Paul Williams of Solomon Global offers a different take: the great virtue of physical gold is control. Coins and bars are tangible, unhackable and — at least in Britain — free of VAT and Capital Gains Tax. They are also private: no brokerage account, no third-party custodian, no digital trail. And in certain cases, they can be worth far more than their melt value. Rare coins, in pristine condition, often command collector premiums that rise even when gold itself is stagnant.
Physical gold is not for everyone
Still, physical gold is not for everyone. It brings storage headaches, security risks, and the need to find a trustworthy buyer when it’s time to sell. Pete Mugleston of Online Mortgage Advisor says the decision boils down to costs. Physical gold carries upfront “entry and exit” charges, but no ongoing fees. ETFs, meanwhile, are cheaper to buy and sell, but annual charges nibble away at returns over time. For long-term holders, that difference can add up.
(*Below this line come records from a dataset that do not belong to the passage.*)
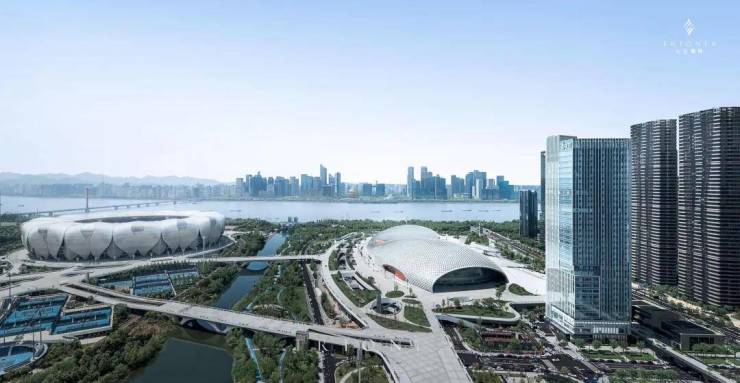 揽一线钱塘江景,坐拥莲花碗与化蝶泳池,背靠国博,对望日月同辉。
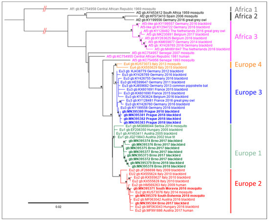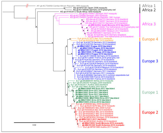 Phylogenetic maximum likelihood tree based on partial NS4B-coding nucleotide sequence and complete-coding sequences of NS5 protein of Usutu virus (nucleotide positions 7372–10,398 according to complete genome sequence of Vienna strain, AY453411). Sequence Africa 1, AY453412 was used as the outgroup. The code of the sequences consists of GenBank accession number, place and year of origin. The sequences obtained in this study are indicated by bold; individual geographical lineages are color-coded). The tree was generated using the GTR+I+G substitution model and 1000 replicates bootstrap analysis. Nodes with bootstrap support of <50% are indicated by asterisk. The lengths of tree branches correspond to the number of substitutions per site.
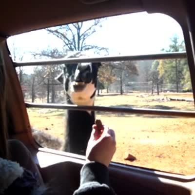 Teen girl feeds llama from car at drive-thru zoo, llama spits huge loogie in car, family screams.
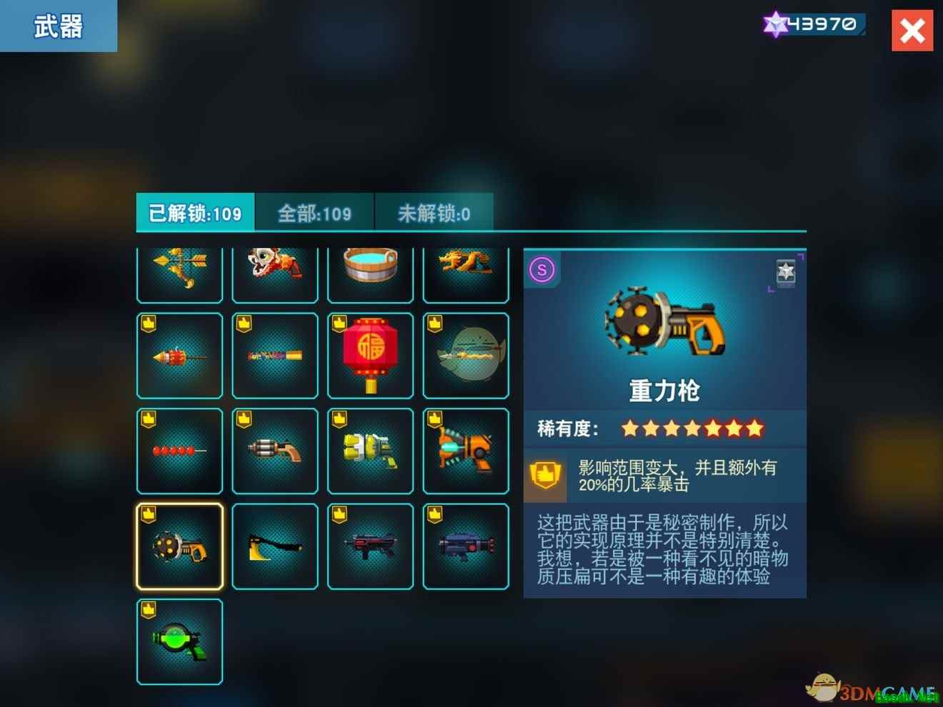 重力枪 超能武器 解锁方式:宫艾莎正常宇宙通关获得 未满熟练度没有活性就是个渣渣,n炮才命中一炮,打的怀疑人生。耗弹少,群攻,吃各种被动,并且概率眩晕怪物打断技能定身大法。满级天壤之别,基本泡泡中。又是一个差别巨大武器。 总之,少年,努力练他吧,推荐有活性下,练级

And for those with a taste for adventure? Riz Malik, director at R3 Wealth in Southend-on-Sea, offers a cheeky tip: “If I was looking to sell a reasonable amount of physical gold, I would find a cheap flight to Dubai and head to the gold souk. You’ll find plenty of buyers ready to turn your gold into cash. The best part? You’ll also return with a nice tan.”
Gold has always inspired extremes: hoarding, speculation, feverish collecting. Its modern incarnations — ETFs and blockchain tokens — may lack the romance of a coin glinting in the palm, but they make the asset more accessible than ever. Whether you prefer Sovereigns in a safe, shares in an ETF, or a trip to Dubai with a briefcase full of bangles, the principle remains the same. In troubled times, gold remains the oldest, and perhaps the simplest, hedge of all.